I got to talking with someone about writing and blogging last week and I quickly realized, I’ve now been blogging and teaching blogging courses for 5 years. I started in late September 2007 on this space, before I moved to WordPress, and then I switched once more to this space.
I’m sure there’s one or two of you who remember my Sunday evening posts where I recapped the entire weekend of sports. It didn’t take long for me to figure out that no one cared, though I do wish I could make some money as a sports analyst.
Blogging has been a great outlet for me. It has been a space to process my marriage, my work at the local church level, and my seminary studies. Over the last 5 years, 5 lessons immediately stick out. I believe these are lessons we all can learn from, in various contexts.

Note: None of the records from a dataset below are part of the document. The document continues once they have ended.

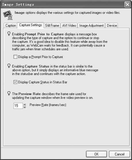 在“Capture Settings”(捕获设置)标签项下,勾选“Display Capture Status in Status Bar”(显示在状态栏)复选框,以后CoffeeCup WebCam图标将自动显示在开始菜单的任务栏中,以便快速启动该工具。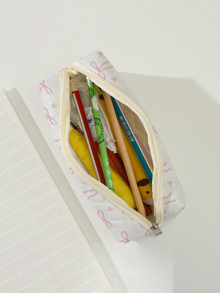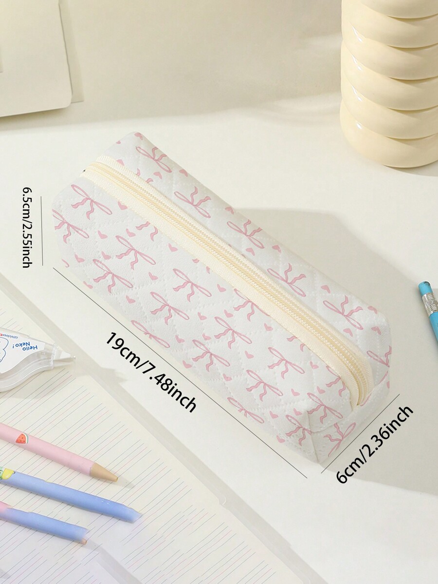 Kawaii Butterfly & Heart Pattern Quilted Zipper Pencil Case, Cosmetic Bag, Coin Purse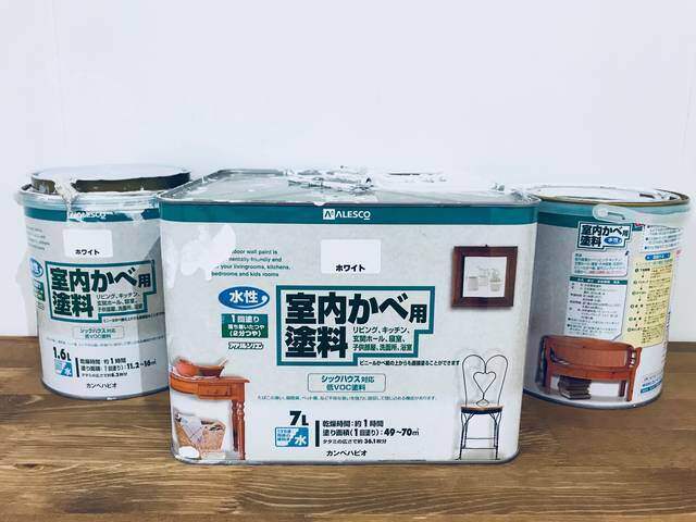 写真はホームセンターで購入した室内壁用ペンキ「カンペハピオ」です。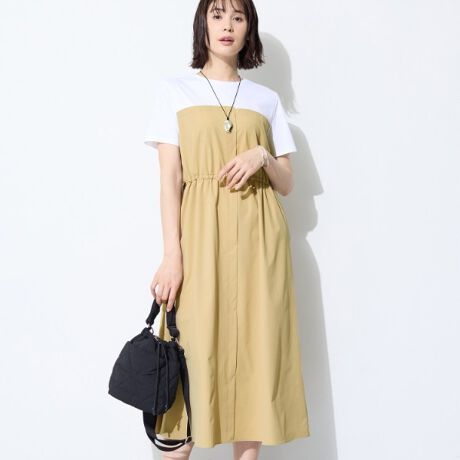 Tシャツとビスチェを重ねたような、一枚でコーディネートが完成するドッキングデザインです。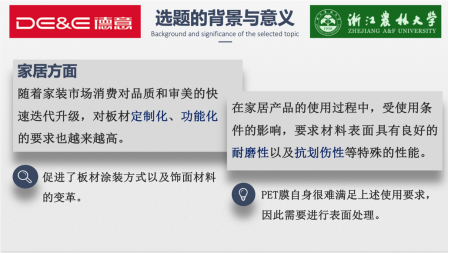 本次开题会议上,曲丽洁博士对PET材料现阶段的性能与其当前应用于家居领域的背景和研究意义做了说明。随着家装市场消费对品质和审美的快速迭代升级,对板材定制化、功能化的要求也越来越高。在家居产品的使用过程中,受使用条件的影响,要求材料表面具有良好的耐磨性以及抗划伤性等特殊的性能。

1. Size doesn’t matter. At all.
It has taken me 5 years of consistent blogging (I’ve never taken a break for more than a week) to even make a top 200 Church bloggers list. But I’ve had countless conversations and I even ended up writing a book, all because of this blog.
Some people want to aim for big crowds, but I believe the people who actually make a difference are those that decide to be stewards of what has been entrusted to them.
2. Planning ahead is key for longevity.
Between all the artistic creators I know who have been at their craft for more than a decade, one thing stands out: planning ahead. Every single one of them has thoughts and ideas about what they want to do within the next month and sometimes longer.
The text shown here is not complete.